Recorded information Start Marker

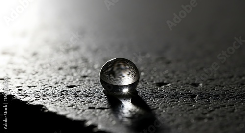 Macro shot of a single, perfect water droplet reflecting light on a textured dark surface.
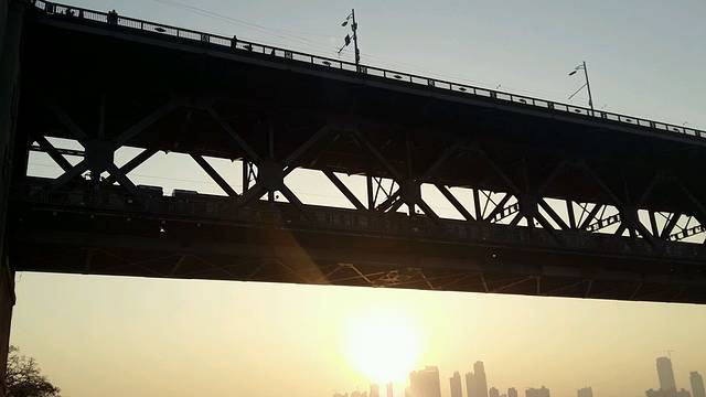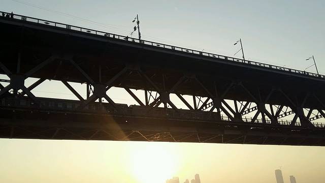 火车🚆穿梭于大桥中央。形成一个汽车,火车,轮船
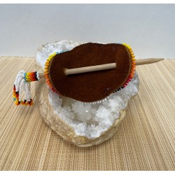 Chaque pièce est unique et réalisée avec minutie à partir de petites perles colorées, assemblées une à une pour créer des motifs vibrants et authentiques. Elles sont montées sur un support en cuir de vachette, offrant à la fois solidité, confort et durabilité.

Recorded information End Marker

• [Exercise aim]
Please set the data above down exactly, with the pictures removed.

• [Task solution]
 Macro shot of a single, perfect water droplet reflecting light on a textured dark surface.
 火车🚆穿梭于大桥中央。形成一个汽车,火车,轮船
 Chaque pièce est unique et réalisée avec minutie à partir de petites perles colorées, assemblées une à une pour créer des motifs vibrants et authentiques. Elles sont montées sur un support en cuir de vachette, offrant à la fois solidité, confort et durabilité.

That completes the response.